▸ What to do:
Your reply should consist only of the lines from the one holding "Tuomas Nelimarkan suosittu" to the last line of the data below, written out exactly and without pictures.
=== Source data ===
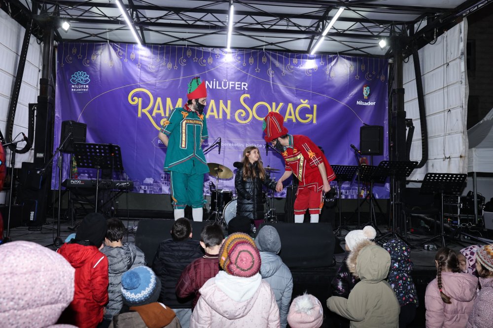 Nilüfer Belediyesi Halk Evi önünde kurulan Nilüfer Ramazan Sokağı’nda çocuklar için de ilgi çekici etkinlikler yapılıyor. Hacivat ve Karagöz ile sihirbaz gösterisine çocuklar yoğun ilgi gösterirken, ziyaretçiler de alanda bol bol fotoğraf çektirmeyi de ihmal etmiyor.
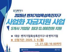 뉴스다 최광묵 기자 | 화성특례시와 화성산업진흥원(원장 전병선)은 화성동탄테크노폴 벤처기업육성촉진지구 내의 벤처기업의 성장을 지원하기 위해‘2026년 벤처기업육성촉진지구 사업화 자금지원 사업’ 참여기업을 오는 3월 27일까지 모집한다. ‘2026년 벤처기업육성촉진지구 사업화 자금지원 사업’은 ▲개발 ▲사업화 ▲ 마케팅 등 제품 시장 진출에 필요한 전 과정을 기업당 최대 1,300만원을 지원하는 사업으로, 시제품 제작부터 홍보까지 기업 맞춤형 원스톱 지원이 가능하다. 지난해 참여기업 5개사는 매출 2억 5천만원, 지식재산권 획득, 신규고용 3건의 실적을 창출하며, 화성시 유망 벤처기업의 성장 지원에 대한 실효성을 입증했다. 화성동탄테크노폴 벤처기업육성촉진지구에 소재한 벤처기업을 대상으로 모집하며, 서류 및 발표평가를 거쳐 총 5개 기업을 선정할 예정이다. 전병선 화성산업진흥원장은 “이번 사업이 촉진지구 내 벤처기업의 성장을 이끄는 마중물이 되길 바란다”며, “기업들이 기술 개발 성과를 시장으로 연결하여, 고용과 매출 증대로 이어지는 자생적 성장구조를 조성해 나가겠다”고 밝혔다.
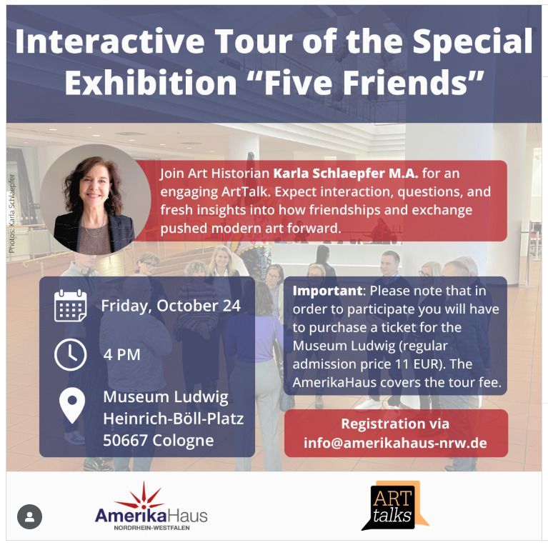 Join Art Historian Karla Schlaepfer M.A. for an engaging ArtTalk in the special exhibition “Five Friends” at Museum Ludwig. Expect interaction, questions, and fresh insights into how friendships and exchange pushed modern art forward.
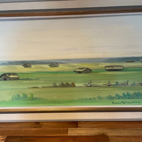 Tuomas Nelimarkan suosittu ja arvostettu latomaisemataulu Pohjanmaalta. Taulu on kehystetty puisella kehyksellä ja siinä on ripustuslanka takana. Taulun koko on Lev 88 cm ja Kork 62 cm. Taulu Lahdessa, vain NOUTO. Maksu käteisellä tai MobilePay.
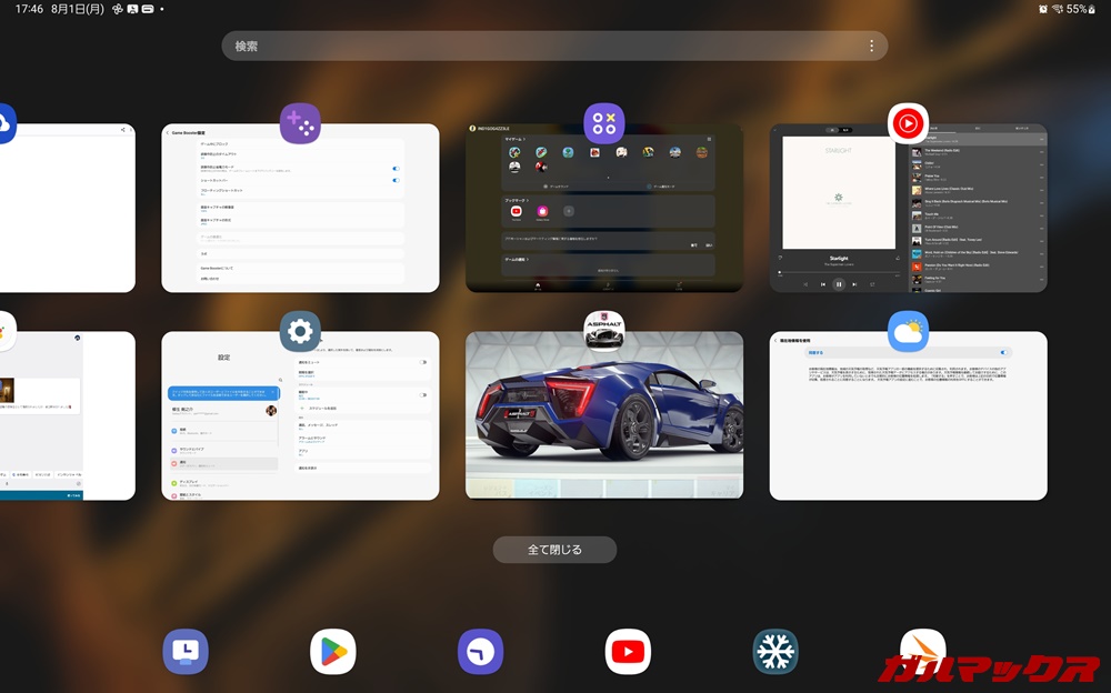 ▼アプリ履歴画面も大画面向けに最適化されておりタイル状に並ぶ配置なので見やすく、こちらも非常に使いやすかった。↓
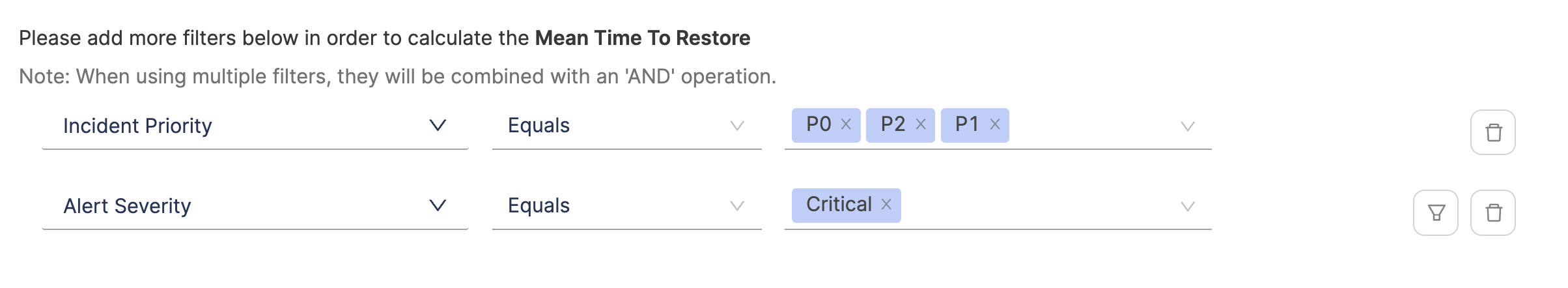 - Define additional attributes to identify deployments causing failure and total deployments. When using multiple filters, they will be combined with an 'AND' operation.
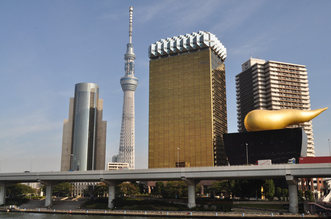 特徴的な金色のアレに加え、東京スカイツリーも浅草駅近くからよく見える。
===
▸ Answer box:
 Tuomas Nelimarkan suosittu ja arvostettu latomaisemataulu Pohjanmaalta. Taulu on kehystetty puisella kehyksellä ja siinä on ripustuslanka takana. Taulun koko on Lev 88 cm ja Kork 62 cm. Taulu Lahdessa, vain NOUTO. Maksu käteisellä tai MobilePay.
 ▼アプリ履歴画面も大画面向けに最適化されておりタイル状に並ぶ配置なので見やすく、こちらも非常に使いやすかった。↓
 - Define additional attributes to identify deployments causing failure and total deployments. When using multiple filters, they will be combined with an 'AND' operation.
 特徴的な金色のアレに加え、東京スカイツリーも浅草駅近くからよく見える。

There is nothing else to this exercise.